IN SPITE of grain prices hovering at near record levels and many Australian grain growers having a big 2021 crop, the production sector is entering 2022 apprehensively.
Sky-rocketing input costs, including fuel, but more pressingly pesticides and fertiliser, have meant the cost of production is set to soar, ringing alarm bells among growers.
"You've got the high input costs and then even if the high grain prices stay in play, it is high risk, high reward," said Grain Producers Australia chairman Barry Large.
"We've seen fuel go up about 20 per cent, that's something we don't like to see but we can absorb, but when you start to see what is happening in the fertiliser and pesticide space it gets a little scary," Mr Large said.
"We've seen urea prices probably close enough to treble, the compound phosphorus fertilisers have more than doubled since last year," he said.
"For my farm business fertiliser is easily the major input cost so it is a worry, especially when above-average crops last year have taken out a lot of nutrient."
Mr Large said that if grain prices held and there was certainty around the forecast for the season the cost may well be acceptable but he said the uncertainty meant farmers would be making some tough decisions in pre-season planning meetings in coming weeks.
"If we got another good year and the prices held, absolutely, the return on investment would be there, even at these elevated pricing levels, but if something goes wrong, whether that be a correction in prices or a poor season or even worse, both, then things would start to get ugly really quickly for a lot of growers."
Mr Large said the other major concern was supply.
"The supply chain issues are well documented, farmers are probably getting in and ordering earlier than they would due to the potential for delays."

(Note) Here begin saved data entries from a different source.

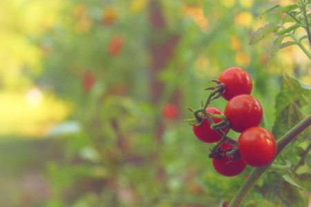 close-up of cherry tomato plant outdoor in sunny vegetable garden shot at shallow depth of field
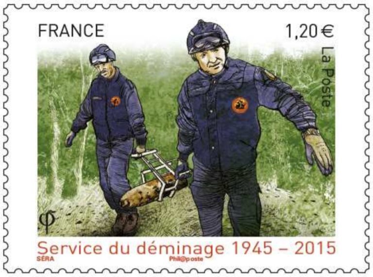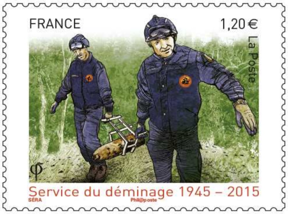 Le timbre illustre le quotidien des démineurs, dont la devise est « réussir ou périr« , lors d’une opération de désobusage.
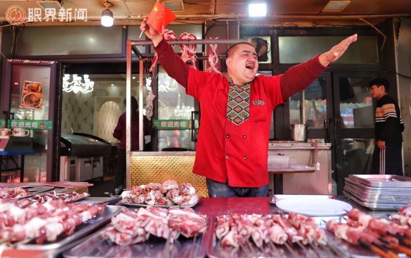9月26日,和田二街,一名商户欢快起舞。记者迪丽娜尔·加力肯摄
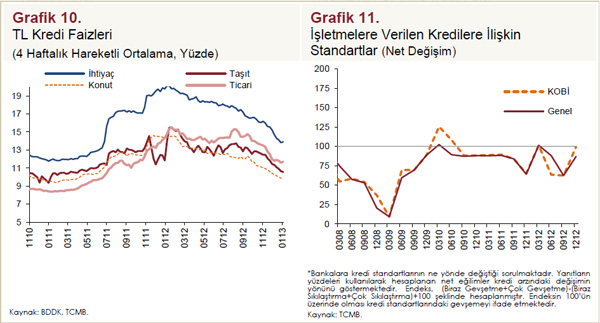 Yurt dışı finansman koşullarındaki rahatlamanın ve uyguladığımız likidite politikasının etkisiyle kredi faiz oranlarındaki düşüş yılın son çeyreğinde de sürdü. Piyasa faiz oranlarındaki azalışa paralel olarak tüketici kredisi faizlerindeki aşağı yönlü eğilim sürerken, faiz koridorunun üst sınırındaki indirimlerin etkisiyle yılın son çeyreğinde ticari kredi faizlerindeki düşüş belirginleşti (Grafik 10). Ayrıca, bu dönemde işletmelere verilen kredilerin standartlarındaki sıkılaşmanın da durduğunu görüyoruz (Grafik 11).
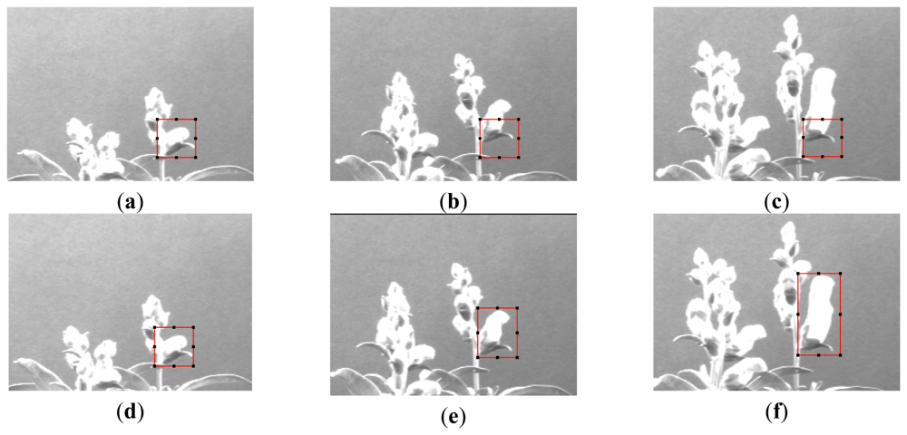 Figure 10(a,b,c) show a sequence of three images of Antirrhinum flowers taken 24 h apart where the originally fixed ROI is not capable of obtaining the image characteristics as growth has displaced its position. Figure 10(d,e,f) show the same sequence, where the displacement and size increment of the ROI allow the correct acquisition of the object parameters.
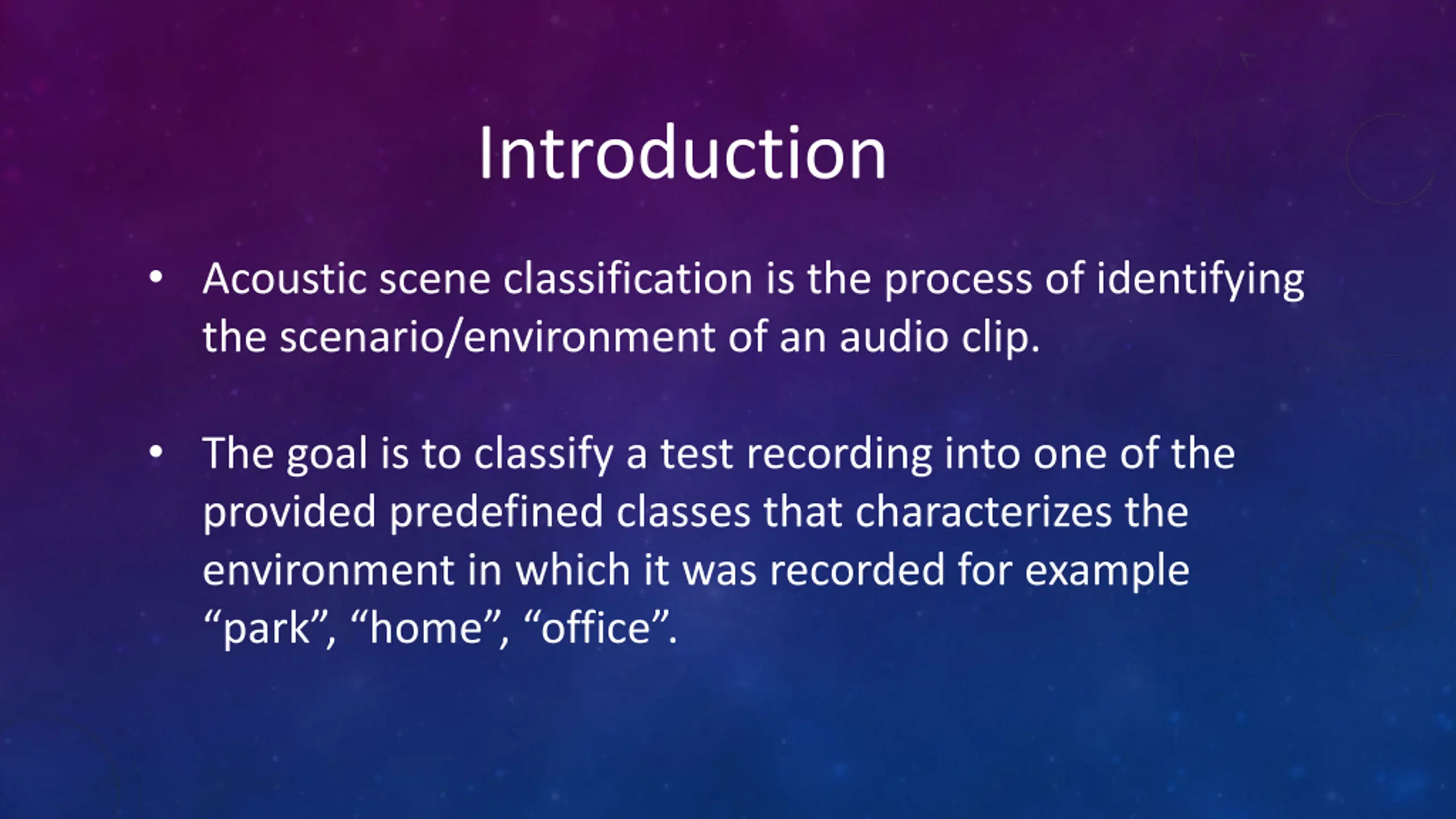 Introduction Acoustic scene classification is the process of identifying the scenario/environment of an audio clip. The goal is to classify a test recording into one of the provided predefined classes that characterizes the environment in which it was recorded for example park , home , office .
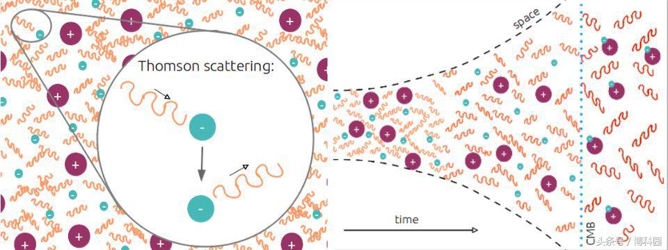 在宇宙冷却到足以形成中性原子之前,光子在周围飞来飞去,并且毫不留情地进入电子。无论何时何地,这种现象总是在不停发生。在形成中性原子之后,只有非常非常特别波长的光子,即导致特定原子的电离或原子跃迁的波长,才能相互作用。在宇宙超过冷却临界值之前,光子和正常物质以极高的速率相互作用。宇宙变成100%充满中性原子和充满离子0%之后,这些光子就以直线的方式流动;它们的波长,在过去的138亿年里,随着宇宙的膨胀而延伸,今天,到达我们的眼睛和探测器。
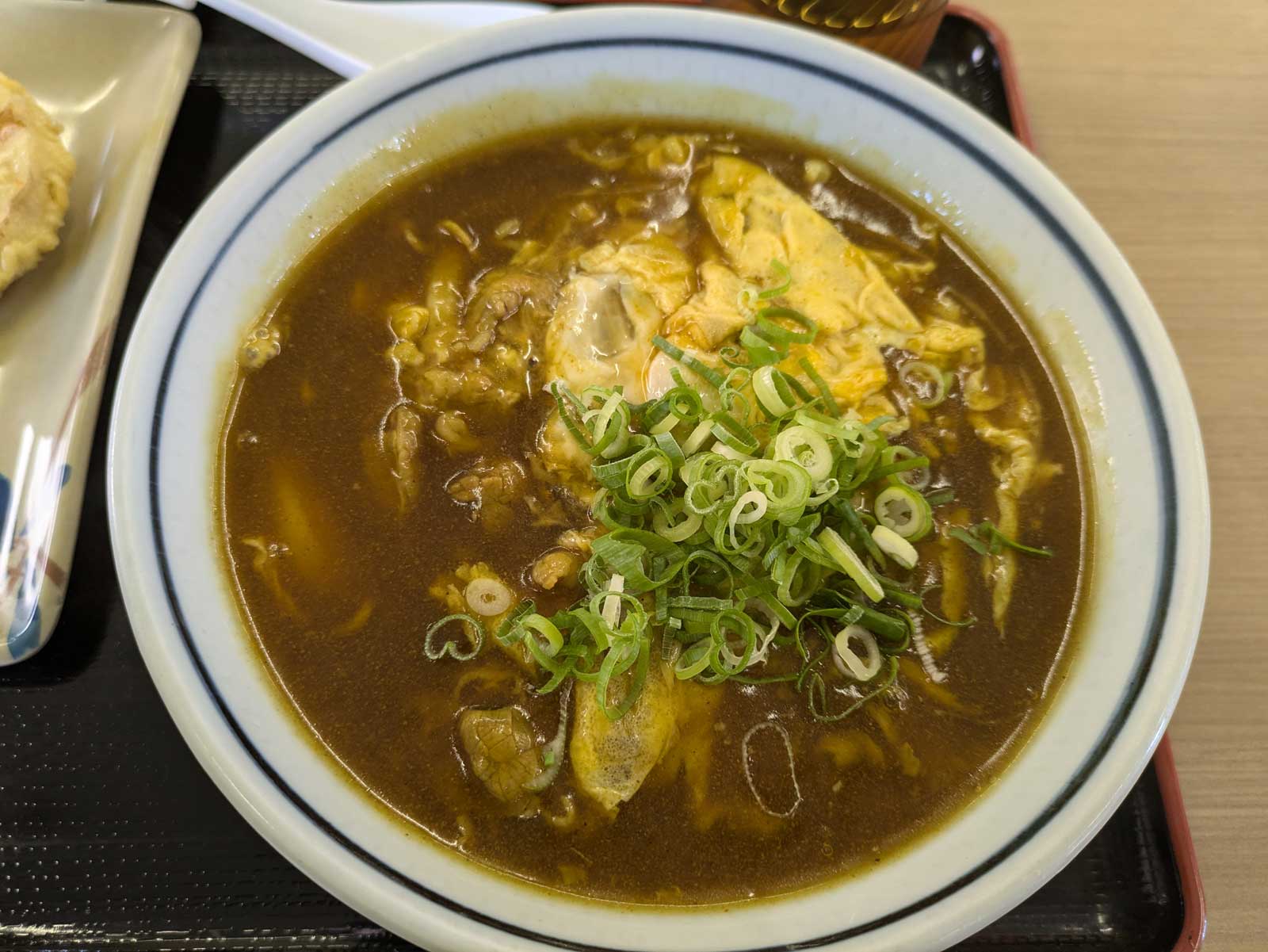 まずは朝ご飯、鬼無の「根っこ」でカレーうどん。
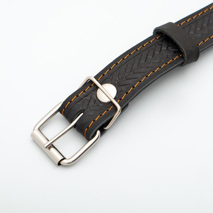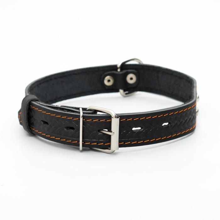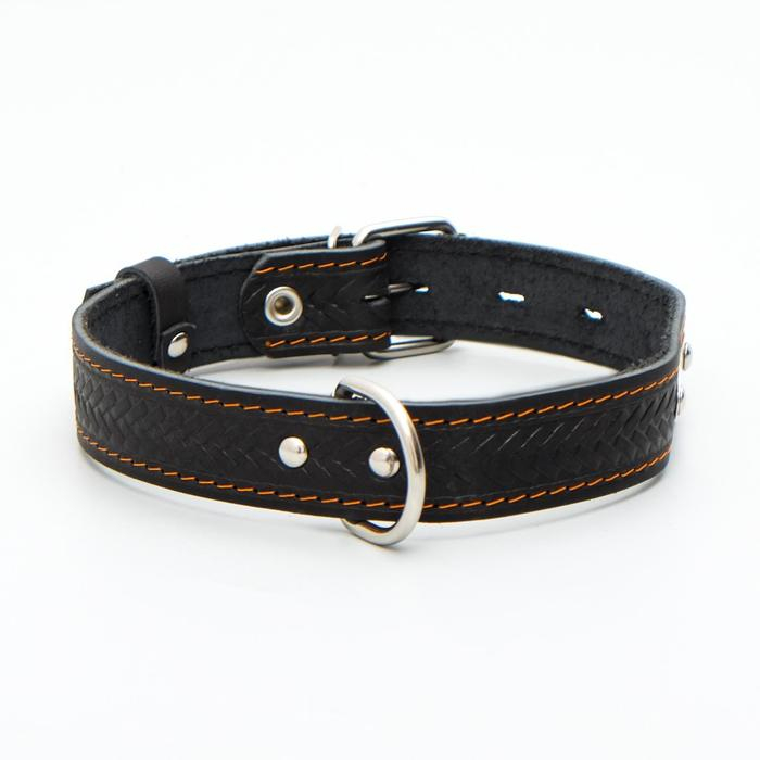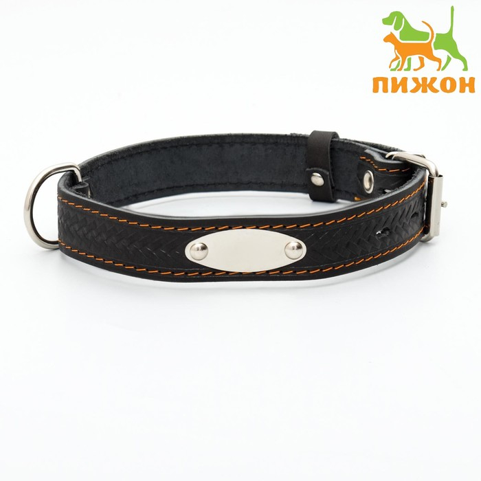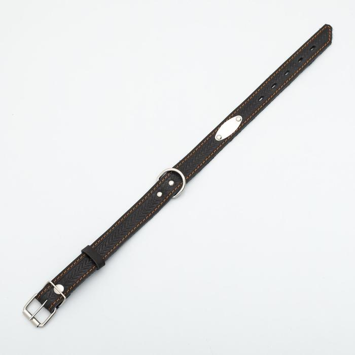 Ошейник кожаный тисненый однослойный с табличкой, 60 х 3 см, ОШ 45-57 см, чёрный
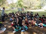 きれいな青空の下、おうちの方につくっていただいたお弁当を嬉しそうに、おいしそうに食べていました。
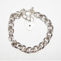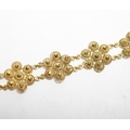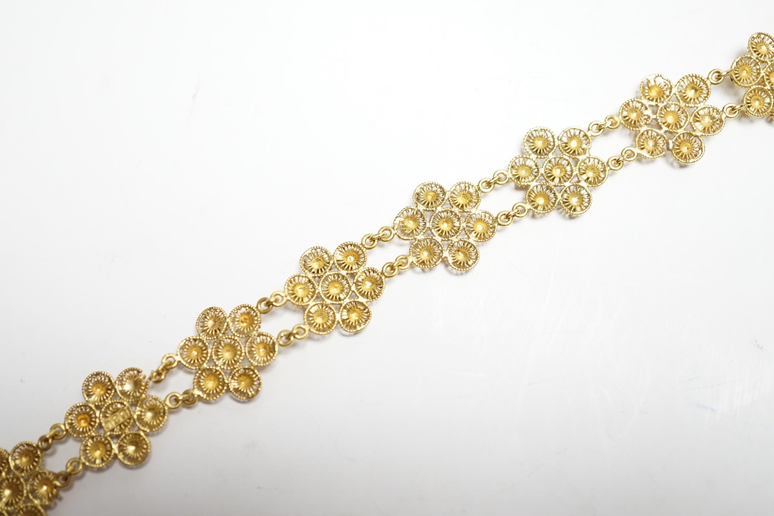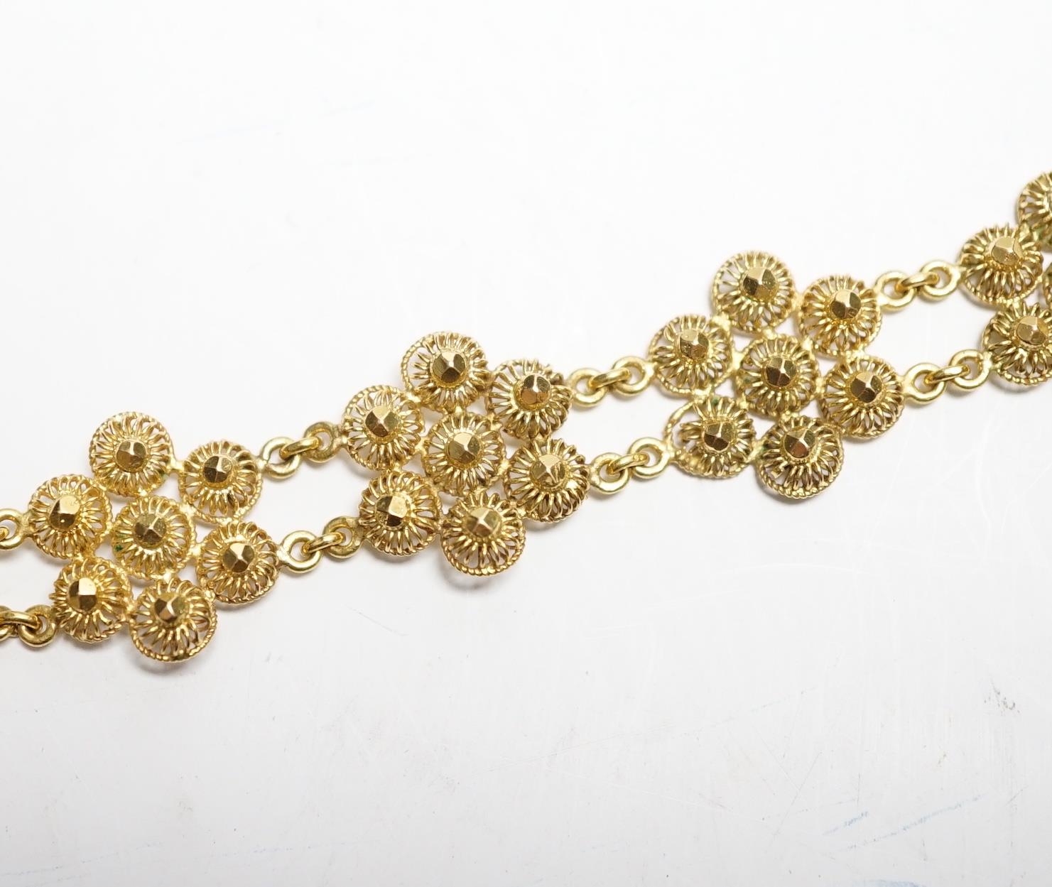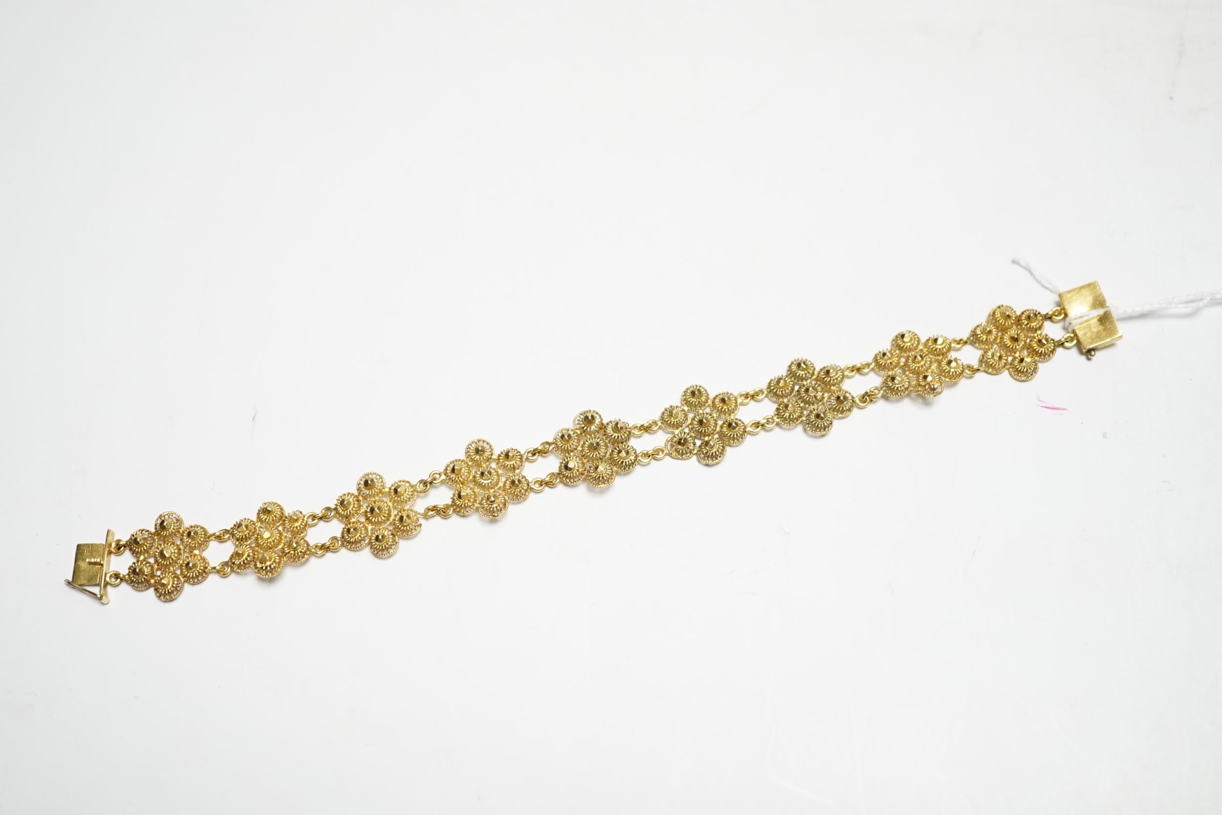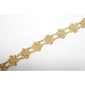 A yellow metal 'bright cut engraved' flower head link bracelet, 16cm, 14.7 grams.
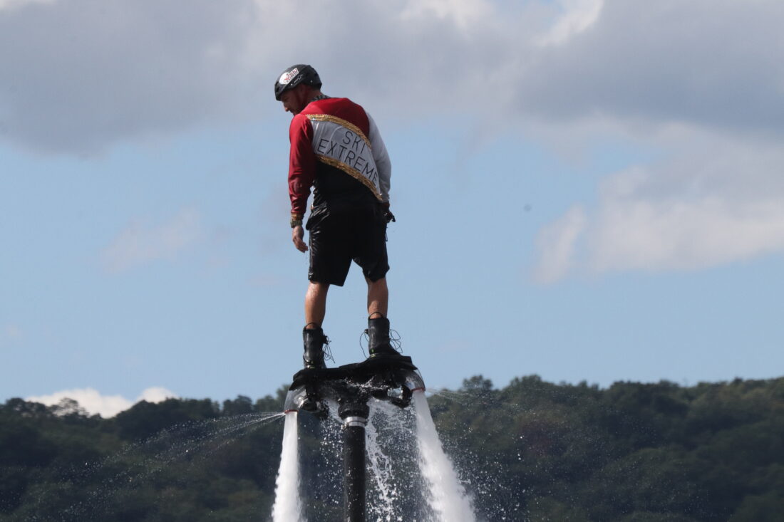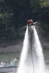 From the opening moments, festivalgoers were treated to water stunts and championship‒level performances that launched Kinzua Rocks the Wake. Ohio’s Chippewa Lake Water Ski Show Team performed with precision formation skiing, synchronized pyramids and aerial tricks. Wisconsin’s Ski Extreme Productions performed flips, spins, jet‒ski acrobatics, and flyboard theatrics up to 75 feet in the air while onlookers from boats and on the shore watched.

In South Australia, Grain Producers South Australia director John Gladigau said there were a lot of nerves about soaring input costs.
"Through my part of the world in the SA Mallee it was a poor year in 2021, good grain prices helped, but farmers are far from cashed up," Mr Gladigau said.
"Having to make these decisions about big upfront purchases without any certainty about the season is difficult," he said.
"Furthermore, with the high costs of the fertiliser, the retailers are also liable for big costs of carry and the like and are less flexible in terms of the financial terms they will offer than when it is cheaper, so that is another factor.
"We're not sure whether this is the short-term spike in reaction to the northern hemisphere energy crisis or the new normal in terms of input costs, which would mean the higher grain prices would be necessary just to break even, but it something people are very nervous about."
Both Mr Large and Mr Gladigau said farmers were weighing up the opportunity to apply reduced rates of fertiliser.
"In my area, we've already been working with low input systems due to the run of droughts, but in other parts of SA, particularly where there is a good amount of pulse production creating organic nitrogen, certainly farmers will look to make savings if they can," Mr Gladigau said.
"In WA, the only pulse crops is lupins so you don't have much natural N replacement, but I think people will be looking at their paddock history and seeing whether there is the opportunity maybe to lower rates just for this year," Mr Large said.
"There is no doubt people will change the goalposts, people in areas where the target yield is normally 5 tonnes a hectare may tweak their fertiliser budget to cater more for a 3t/ha scenario just to avoid some of that production risk," he said.
However, Mr Gladigau said farmers also did not want to minimise opportunities.
"You don't farm for a drought year and if things do come in favourably and if the northern hemisphere crops is poor then the last thing you want to do is have artificially capped your yield potential by not putting enough nutrients out," he said.
"It is a very difficult because we just don't know what is ahead."
Mr Large said many growers who had big seasons would probably buy their normal allocation of product even at the higher prices, rather than just paying it in tax, but said it was not sustainable.
"You see the headlines from a big year like 2021 and it looks great, but even for those who did have a good year it really is eaten away when faced with a massive run up in the cost of production like we're confronted with here," he said.
"There would probably be a few out there who would be happy to sacrifice some of the grain prices gains we've seen if it meant input costs came back as the upfront risk would come back, but that's not the situation we're looking at."